Название главы и эпиграфы к ней взяты из цикла Некрасова, посвященного цензурной реформе 1864-е года. Мы остановимся довольно подробно на ней, на ее подготовке и результатах Эти цитаты из Некрасова хорошо раскрывают и общую сущность «эпохи великих реформ», связанных с именем Александра II, «царя-освободителя».
18 февраля 55 г. Николай I умирает. На престоле оказывается его сын, Александр II. К этому времени определилось поражение России в Крымской войне. Союзники, Англия, Франция и Турция одерживают победы. Осада и падение Севастополя. 30 марта в Париже подписан трактат о мире. Крайне тяжелое внутреннее положение. Ситуация тупика, в котором оказалась страна. В свете военных поражений всё яснее становится потребность в существенных изменениях. Крестьянский вопрос — необходимость уничтожения крепостного права. С ним связана проблема земельной собственности, освобождения крестьян с землей или без земли, выкупa её, статусa помещиков и пр. Проблемы земства — местного самоуправления. Вопрос о новом судоустройстве, суде присяжных. Об официальном православии, церковной реформе, раскольниках. Среди существенных изменений, которые нужно проводить, как одно из важнейших, вырисовывается и вопрос о преобразовании цензуры. Надо было везде менять и так менять, чтобы как-то выбираться из тупика.
В 57 г. Ф. И. Тютчев подает записку — письмо А. М. Горчакову (министру иностранных дел) «О цензуре в России». Цензором Тютчев был давно, с февраля 48 г., после возвращения из-за границы, в самые трудные времена. Назначен он высочайшим приказом: чиновник Особых Поручений утвержден Старшим цензором при особой канцелярии Министерства иностранных дел. Оставался он цензором и при Александре II, причем с повышением. В апреле 58 г. высочайшее распоряжение о назначении Тютчева Председателем Комитета Цензуры Иностранной. Вероятно, в назначении сыграла роль и его записка. В цензуре он прослужил много лет, практически до смерти в73 г. (См.

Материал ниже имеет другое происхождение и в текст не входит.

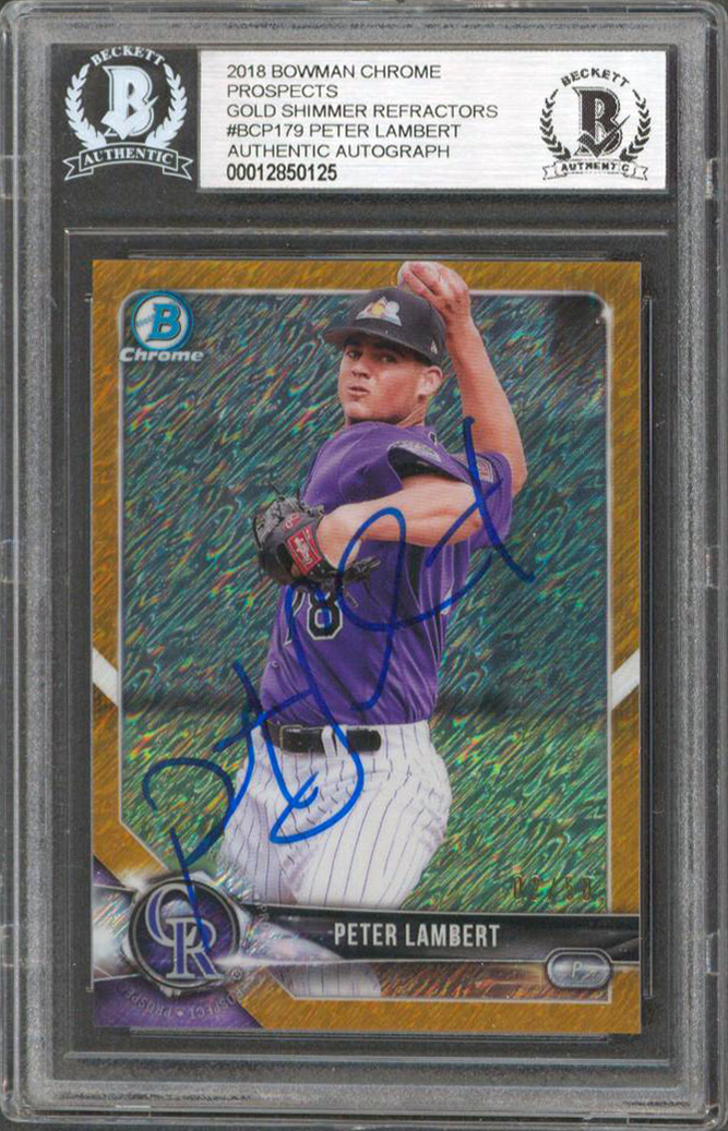 Peter Lambert Signed 2018 Bowman Chrome Prospects Gold Refractors Card BAS Slab

В записке Тютчев утверждал: «я не ощущаю ни предубеждения, ни неприязни ко всему, до него (вопроса о печати —
Новые надежды появляются и у цензора Никитенко. Он «нажимает» на Норова — нового министра просвещения (1854-58 гг.), приблизившего его. Доказывает, что надо заняться цензурой, так как царь сам об этом вспомнит: следует заранее подготовиться. Норов с жаром ухватился за эту мысль, просил Никитенко составить новую инструкцию для цензоров. Никитенко полон самых радужных надежд: «Настает пора положить предел этому страшному гонению мысли, этому произволу невежд, которые делали из цензуры съезжую и обращались с мыслями как с ворами и с пьяницами» (303). Норов в восторге от проделанной работы. Решили подать царю сначала вступительную Записку о необходимости изменений в цензуре, а уж потом проект инструкции цензорам. Сразу возникла проблема: нынешние цензоры, привыкшие к старым порядкам, не смогут следовать правилам, предложенным Никитенко. Тот считает, что цензоров нужно менять, на их место сажать умных людей. Норов согласен с таким предложением. 6 апреля Никитенко вручает Норову Записку, но тот колеблется, тянет с подачей ее царю.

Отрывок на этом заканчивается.